Sine the IMF crisis in 1997, the office market has been internalized, and advanced, also being in flux. The purpose of this study is to analyze statistically the price-making factors influencing on the sales price of an office.
The preceding analysis on an office mostly put the rent of office into a dependent variable, however, I have put the office sales prices into a dependent variable. I have also classified independent variables into inherent characteristics of real property including the rent and economic factors. In addition, I have tried to apply the Regression Analysis considering detailed other variables classified by district (central district, Gangnam district, Yeouido·Mapo district, Seoul other districts), ownership type (direct investment by a domestic owner, direct investment by a foreign owner, and indirect investment by a domestic or foreign owner), and type of building (general building, partitioned building)
I have restricted the extent of location into central district (CBD), Gangnam district (KBD), Yeouido·Mapo district (YBD), and Seoul other district. For samples, I have selected offices over GFA 16,529 sq m which have been transacted within these four districts and being and used as the highest and best use. Also, the extent of time has been restricted by sales comparables transacted between year 2003 and the third quarter of 2009. For this study, I have merely chosen 82 cases available to be adopted as an independent variable out of more than 200 cases provided by DTZ Korea for this study.
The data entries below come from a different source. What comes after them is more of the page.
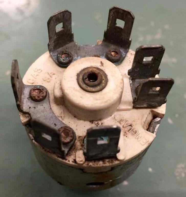 While rewiring for 4 way flashers yesterday I had a chance to check out the ignition switch. Mine is also a '71 IIA 88. If you look closely at the back of your ignition switch you'll see that the terminals are labeled 1 through 4. Position #1, the double terminal at the top in this photo is 12v in. #2, as you turn the key clockwise, is ignition on, +12v to your coil. #3, the single terminal at the bottom is the momentary switched position, +12v to your starter solenoid. Position #4, the double terminal, turning the key counterclockwise from the off position, is the auxiliary power position. At one point I did manage to get the ignition switch wired like yours. A few minutes with the Ohm meter sorted things out.Comment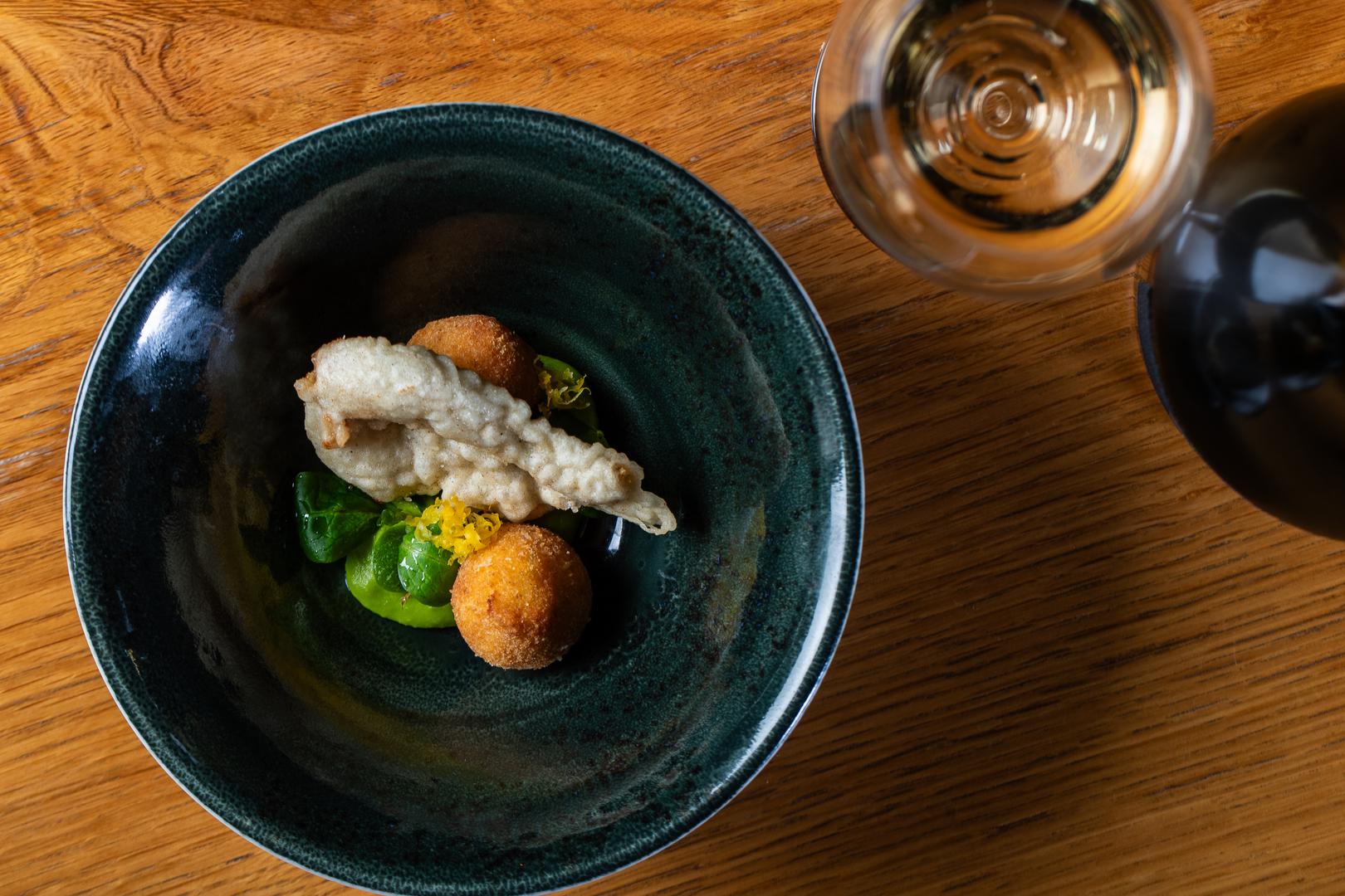 Večera u restoranu oblikovanom doista poput čarde, ali samo u osnovi jer je riječ o prostorom i opremljenošću izdašnom mjestu, počela je prvom kreacijom Kristijana Kišpala, mladog chefa restorana, domaćom focaccijom s mirodijama, paštetom od divljači i fritiranom rukolom, par je bio Graševina Zlatno brdo 2024. koju ćete prepoznati po bijeloj etiketi. Već se tu osjetila znatno veća ambicija restorana na Biljskom jezeru čiji je izdašno uređen interijer te večeri bio pun. Nakon toga, uslijedio je citrusni rižoto s poširanim filetima smuđa i pjenicom od mente, a zatim predjelo od žabljeg kraka u tempuri na kremi od graška s kroketima od svježeg sira. Glavno jelo činila je zaista izvrsna sous vide teleća koljenica s pireom od pečene paprike i umakom s kojim je i poslužen Čingi Lingi Cuvée.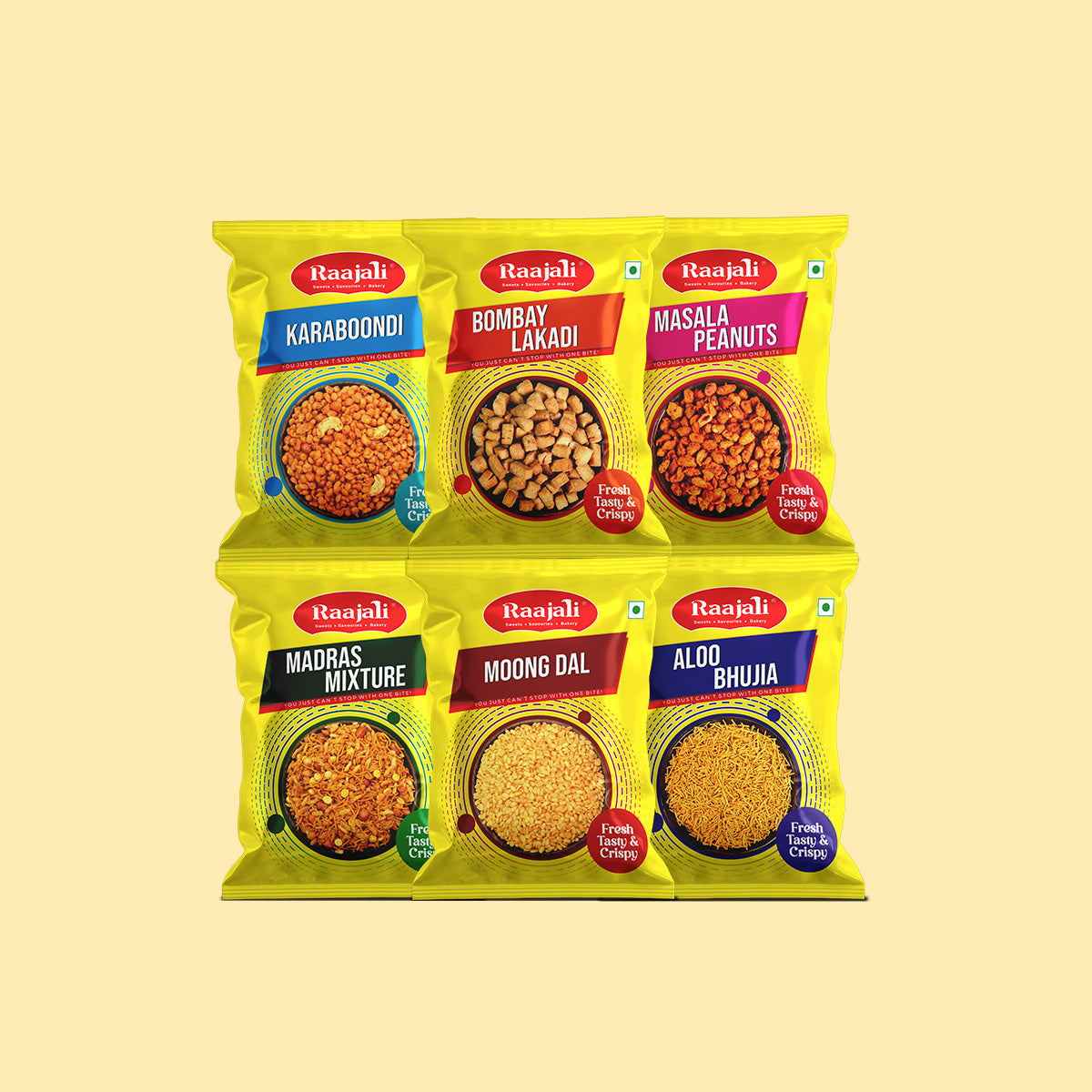 Assorted Chota Packs (Bombay Lakadi, Kaara boondhi, Moong Dal, Aloo Bhujia, Masala Peanut, Madras Mixture - Each 30gms )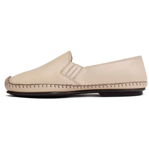 Fluchos vous propose un mocassin qui épousera parfaitement la forme de notre pied. Fluchos le dote de deux élastiques sur les côtés pour un chaussage simple, d’un cuir lisse et de coutures apparentes.

As a result, influential price-making factors are FAR (Floor area ratio), GALP (Government Announced Land Price) of the year of transaction, the converted Jeonsei price, KOSPI, and the growth rate of economy, but the number of building's storey is not a factor influencing on price.
This study has been particularly to analyze interrelation of the rent as a dependent variable and the sale price, and to adopt general buildings and partitioned buildings as an independent variable.
The limitations of this study are two; insufficient data and long time-interval. Provided that these two limitations are solved, this office model can be generalized and systematized.